* Recorded data
++++++

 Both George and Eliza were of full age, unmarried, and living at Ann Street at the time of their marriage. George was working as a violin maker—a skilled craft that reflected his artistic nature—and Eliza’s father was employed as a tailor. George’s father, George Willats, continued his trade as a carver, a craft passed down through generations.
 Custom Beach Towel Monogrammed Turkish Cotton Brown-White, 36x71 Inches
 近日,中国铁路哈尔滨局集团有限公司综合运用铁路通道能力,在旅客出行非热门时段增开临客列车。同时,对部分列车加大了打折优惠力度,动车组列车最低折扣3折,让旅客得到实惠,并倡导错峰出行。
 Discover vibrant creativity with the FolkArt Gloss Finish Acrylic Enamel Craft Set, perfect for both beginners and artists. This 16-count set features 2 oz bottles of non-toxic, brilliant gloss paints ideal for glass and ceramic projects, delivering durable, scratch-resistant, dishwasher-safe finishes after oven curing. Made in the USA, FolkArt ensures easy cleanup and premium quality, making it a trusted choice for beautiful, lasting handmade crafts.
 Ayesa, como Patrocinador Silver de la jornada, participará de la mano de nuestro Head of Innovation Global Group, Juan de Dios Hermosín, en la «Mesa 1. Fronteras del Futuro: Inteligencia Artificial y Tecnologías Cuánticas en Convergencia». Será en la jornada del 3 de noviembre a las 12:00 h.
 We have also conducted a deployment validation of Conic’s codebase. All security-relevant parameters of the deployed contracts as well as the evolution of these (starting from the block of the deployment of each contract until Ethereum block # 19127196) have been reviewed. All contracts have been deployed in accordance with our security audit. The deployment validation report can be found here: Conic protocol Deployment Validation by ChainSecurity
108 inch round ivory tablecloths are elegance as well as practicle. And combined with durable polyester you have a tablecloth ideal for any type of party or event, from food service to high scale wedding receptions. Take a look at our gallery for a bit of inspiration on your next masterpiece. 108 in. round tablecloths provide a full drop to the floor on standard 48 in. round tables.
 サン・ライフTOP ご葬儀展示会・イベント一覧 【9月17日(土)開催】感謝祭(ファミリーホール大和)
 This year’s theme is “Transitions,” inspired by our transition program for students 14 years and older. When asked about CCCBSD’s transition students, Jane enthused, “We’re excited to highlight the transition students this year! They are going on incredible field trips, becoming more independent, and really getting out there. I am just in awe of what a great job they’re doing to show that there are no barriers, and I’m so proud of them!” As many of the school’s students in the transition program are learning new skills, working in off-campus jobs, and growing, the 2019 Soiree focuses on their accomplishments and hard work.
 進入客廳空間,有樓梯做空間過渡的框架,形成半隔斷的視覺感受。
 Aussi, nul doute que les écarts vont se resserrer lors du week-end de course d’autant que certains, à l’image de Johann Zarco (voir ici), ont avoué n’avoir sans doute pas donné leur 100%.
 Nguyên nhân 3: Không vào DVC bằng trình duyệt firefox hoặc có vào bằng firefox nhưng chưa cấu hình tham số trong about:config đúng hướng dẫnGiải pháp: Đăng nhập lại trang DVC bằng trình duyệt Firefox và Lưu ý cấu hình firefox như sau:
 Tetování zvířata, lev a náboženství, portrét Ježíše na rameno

++++++

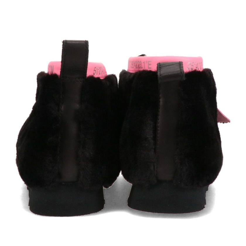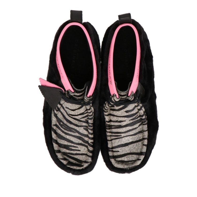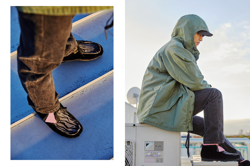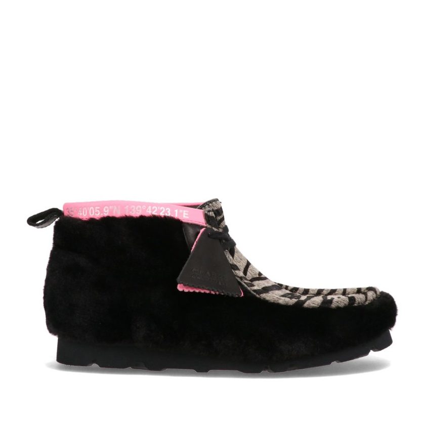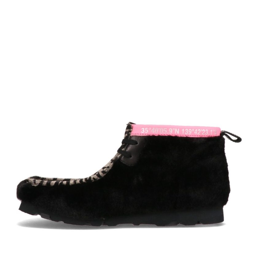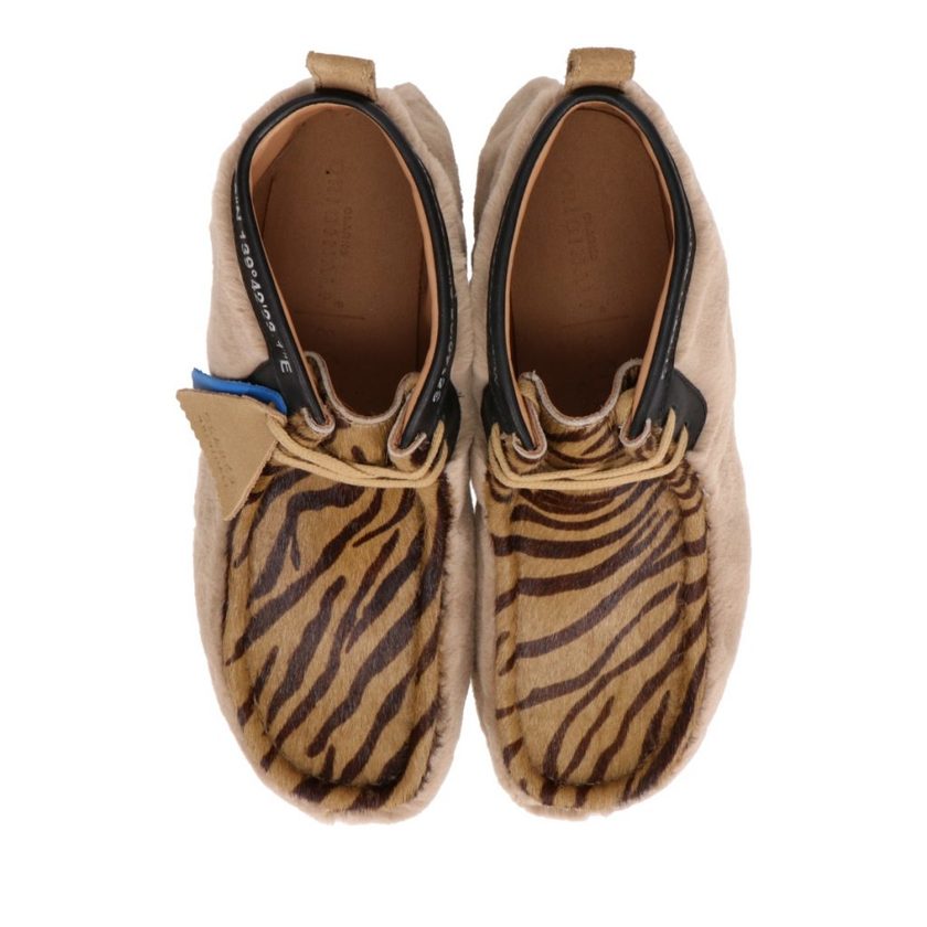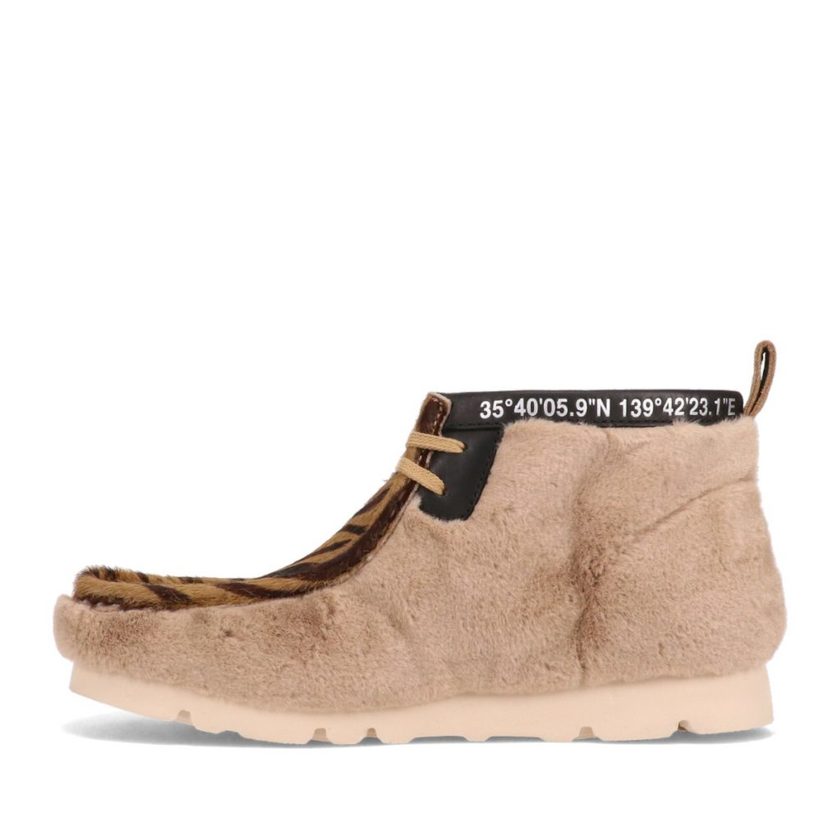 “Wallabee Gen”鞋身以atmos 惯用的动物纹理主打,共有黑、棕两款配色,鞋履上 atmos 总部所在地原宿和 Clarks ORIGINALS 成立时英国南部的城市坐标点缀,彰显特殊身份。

++++++

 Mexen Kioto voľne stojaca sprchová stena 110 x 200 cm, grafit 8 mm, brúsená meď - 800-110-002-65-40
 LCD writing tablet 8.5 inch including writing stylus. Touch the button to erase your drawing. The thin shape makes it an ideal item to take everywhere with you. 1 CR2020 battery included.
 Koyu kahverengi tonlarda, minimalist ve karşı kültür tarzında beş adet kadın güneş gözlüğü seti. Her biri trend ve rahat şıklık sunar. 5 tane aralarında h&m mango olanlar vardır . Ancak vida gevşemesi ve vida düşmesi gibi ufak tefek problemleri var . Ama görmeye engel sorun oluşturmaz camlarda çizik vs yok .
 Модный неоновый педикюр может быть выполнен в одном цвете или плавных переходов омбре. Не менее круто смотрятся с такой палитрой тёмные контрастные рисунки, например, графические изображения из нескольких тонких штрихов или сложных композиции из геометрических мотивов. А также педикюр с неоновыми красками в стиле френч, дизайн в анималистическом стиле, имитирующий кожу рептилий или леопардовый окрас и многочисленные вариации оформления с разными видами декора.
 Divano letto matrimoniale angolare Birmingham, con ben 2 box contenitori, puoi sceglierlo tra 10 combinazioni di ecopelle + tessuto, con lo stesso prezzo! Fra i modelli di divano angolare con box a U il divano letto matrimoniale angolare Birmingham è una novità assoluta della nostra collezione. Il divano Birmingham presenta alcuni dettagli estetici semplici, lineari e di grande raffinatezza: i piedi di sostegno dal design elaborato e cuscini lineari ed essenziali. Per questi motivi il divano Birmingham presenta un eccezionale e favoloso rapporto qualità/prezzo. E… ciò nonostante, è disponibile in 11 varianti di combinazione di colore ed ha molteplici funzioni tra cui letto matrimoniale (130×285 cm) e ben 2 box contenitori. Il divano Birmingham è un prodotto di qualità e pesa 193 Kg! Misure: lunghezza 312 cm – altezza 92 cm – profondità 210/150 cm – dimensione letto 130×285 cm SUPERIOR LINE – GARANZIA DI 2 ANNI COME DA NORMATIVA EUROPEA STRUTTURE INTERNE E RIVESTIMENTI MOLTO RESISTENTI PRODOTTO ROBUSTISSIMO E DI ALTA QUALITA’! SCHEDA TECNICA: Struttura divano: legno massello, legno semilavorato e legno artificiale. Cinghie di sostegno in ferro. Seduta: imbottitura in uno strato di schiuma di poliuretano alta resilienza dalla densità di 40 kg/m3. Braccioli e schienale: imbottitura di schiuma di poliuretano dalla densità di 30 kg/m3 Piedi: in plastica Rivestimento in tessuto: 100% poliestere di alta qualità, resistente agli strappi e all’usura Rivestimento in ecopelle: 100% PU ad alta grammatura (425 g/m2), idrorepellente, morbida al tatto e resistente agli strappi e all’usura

++++++

* Task description
Locate the word "your" in the data above. Copy every line carrying it.

* Exercise answer
108 inch round ivory tablecloths are elegance as well as practicle. And combined with durable polyester you have a tablecloth ideal for any type of party or event, from food service to high scale wedding receptions. Take a look at our gallery for a bit of inspiration on your next masterpiece. 108 in. round tablecloths provide a full drop to the floor on standard 48 in. round tables.
 LCD writing tablet 8.5 inch including writing stylus. Touch the button to erase your drawing. The thin shape makes it an ideal item to take everywhere with you. 1 CR2020 battery included.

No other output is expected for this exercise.